尝试使用sklearn中的DBSCAN算法。

# all import
from sklearn import datasets
import matplotlib.pyplot as plt
from sklearn.cluster import DBSCAN
import numpy as np
import time

# generate data
n_samples = 1500
noisy_circles = datasets.make_circles(n_samples=n_samples, factor=.5,noise=.05)
X, y = noisy_circles

# plot
plt.figure(figsize=(10, 5))
plt.subplot(1, 2, 1)
# plt.figure(1)
plt.scatter(X[:, 0], X[:, 1])

plt.subplot(1, 2, 2)
# plt.figure(2)
plt.scatter(X[:, 0], X[:, 1], c=y)

上图是sklearn生成的数据，右图是根据label直接绘制的结果。

下面使用sklearn中的DBSCAN类对数据X进行聚类。

# run sklearn DBSCAN to predict
y_pred = DBSCAN(eps=0.1).fit_predict(X)

# plot sklearn DBSCAN result
plt.figure(figsize=(5, 5))
plt.scatter(X[:, 0], X[:, 1], c=y_pred)

My DBSCAN

此部分代码为笔者依据上述伪代码实现，未经过优化

# my DBSCAN algorithm
from sklearn.metrics.pairwise import pairwise_distances

class MyDBSCAN:
    def __init__(self, X, eps=0.5, minPts=5):
        """
        @param:
            X: input dataset, (n, m)
            eps: 
            minPts:
        """
        self.X = X
        self.n = len(X)
        self.eps = eps
        self.minPts = minPts

    def get_core_points(self):
        """
        @return:
            core_points: the index of core points
        """
        core_points = []
        for i in range(self.n):
            neighbors = self.get_neighbors(i)
            if len(neighbors) >= self.minPts:
                core_points.append(i)
        return core_points

    
    def get_neighbors(self, point_idx):
        """
        @param:
            point_idx: index of point
        @return:
            neighbors: neighbors of point
        """
        neighbors = []
        for i in range(self.n):
            if self.dis_mat[point_idx][i] < self.eps:
                neighbors.append(i)
        return neighbors
    
    def compute_dis_mat(self):
        """
        @param:
            X: input dataset, (n, m)
        @return:
            self.dis_mat: (n, n)
        """
        self.dis_mat = pairwise_distances(X)
        return
    
    def random_choose(self, points):
        """
        random choose a point
        """
        # return points[0]
        return points[np.random.randint(0, len(points))]

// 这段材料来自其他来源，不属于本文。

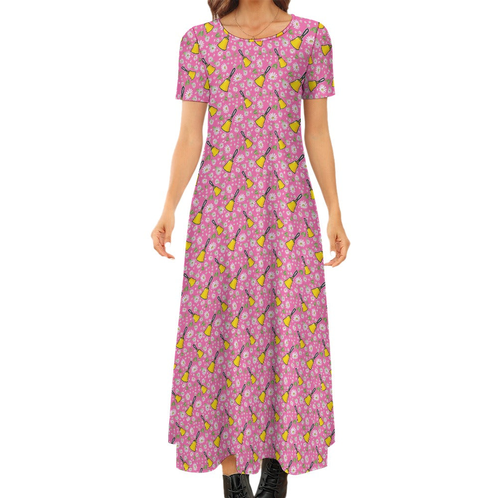 Pink Handbells & Daisies Round Neck Short Sleeve Dress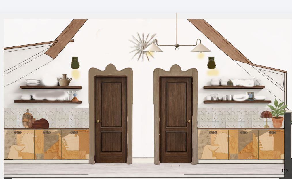 limestone flloor unicolored beige doorframe deep green wall light just few nice stuff on the shelves
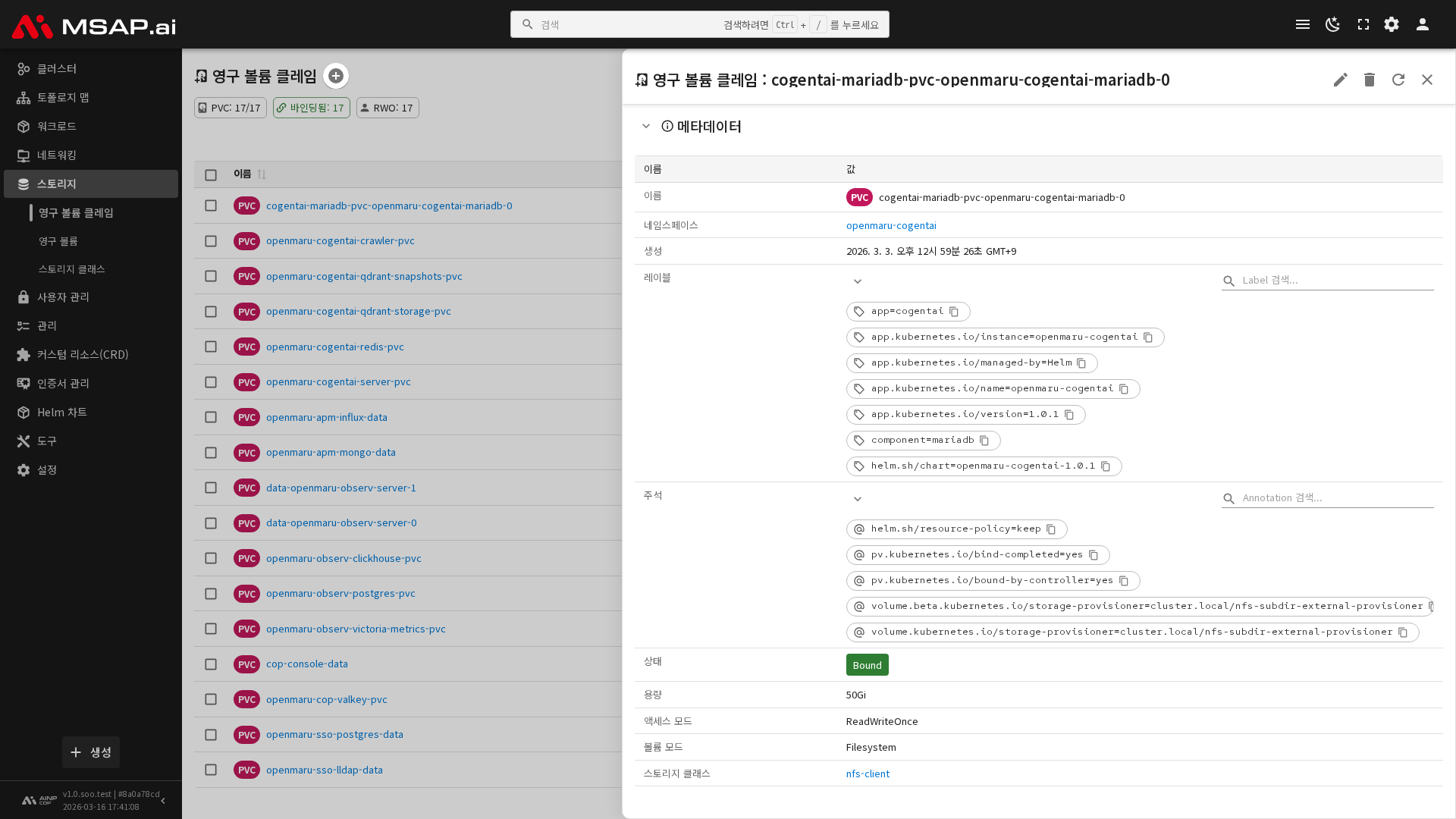 - 스토리지 클래스: 사용 중인 스토리지 클래스 이름

    def fit_predict(self):
        """
        @param:
            X: input dataset, (n, m)
        @return:
            y_pred: predicted result, (n,)
        """
        # computer distance matrix
        self.compute_dis_mat()

        core_points = set(self.get_core_points())
        waiting_points = set([i for i in range(len(self.X))])
        cluster = -1 * np.ones(self.n, dtype=np.int32)
        k = 0

        while len(core_points) > 0:
            o = self.random_choose(list(core_points))
            cur_core_points = set()
            cur_core_points.add(o)
            cur_cluster = set()
            cur_cluster.add(o)
            waiting_points.remove(o)
            while True:
                if len(cur_core_points) > 0:
                    point = list(cur_core_points)[0]
                    neighbors = set(self.get_neighbors(point))
                    delta = neighbors & waiting_points
                    cur_cluster = cur_cluster | delta
                    waiting_points = waiting_points - delta
                    cur_core_points = cur_core_points | (delta & core_points)
                    cur_core_points.remove(point)
                    core_points = core_points - cur_cluster
                else:
                    cluster[list(cur_cluster)] = k
                    k += 1
                    break
        return cluster

将其用到sklearn生成的数据集上测试效果：

n_samples = 500
noisy_circles = datasets.make_circles(n_samples=n_samples, factor=.5,
                                      noise=.05)
X, y = noisy_circles

start = time.time()
y_my_pred = MyDBSCAN(X=X, eps=0.15).fit_predict()
end1 = time.time()
y_pred = DBSCAN(eps=0.15).fit_predict(X)
end2 = time.time()

print('{:15} {:5} {:3}'.format('Algorithm', 'Time', 'NMI'))
print('{:15} {:5.2f} {:3}'.format('My DBSCAN ', end1 - start, metrics.normalized_mutual_info_score(y, y_my_pred)))
print('{:15} {:5.2f} {:3}'.format('Sklearn DBSCAN', end2 - end1, metrics.normalized_mutual_info_score(y, y_pred)))

Algorithm       Time  NMI
My DBSCAN       0.11  1.0
Sklearn DBSCAN  0.00  1.0

# plot sklearn DBSCAN result
plt.figure(figsize=(15, 5))
plt.subplot(1, 3, 1)
plt.scatter(X[:, 0], X[:, 1], c=y)
plt.title('origin data')

plt.subplot(1, 3, 2)
plt.scatter(X[:, 0], X[:, 1], c=y_pred)
plt.title('sklearn DBSCAN')

plt.subplot(1, 3, 3)
plt.scatter(X[:, 0], X[:, 1], c=y_my_pred)
plt.title('My DBSCAN')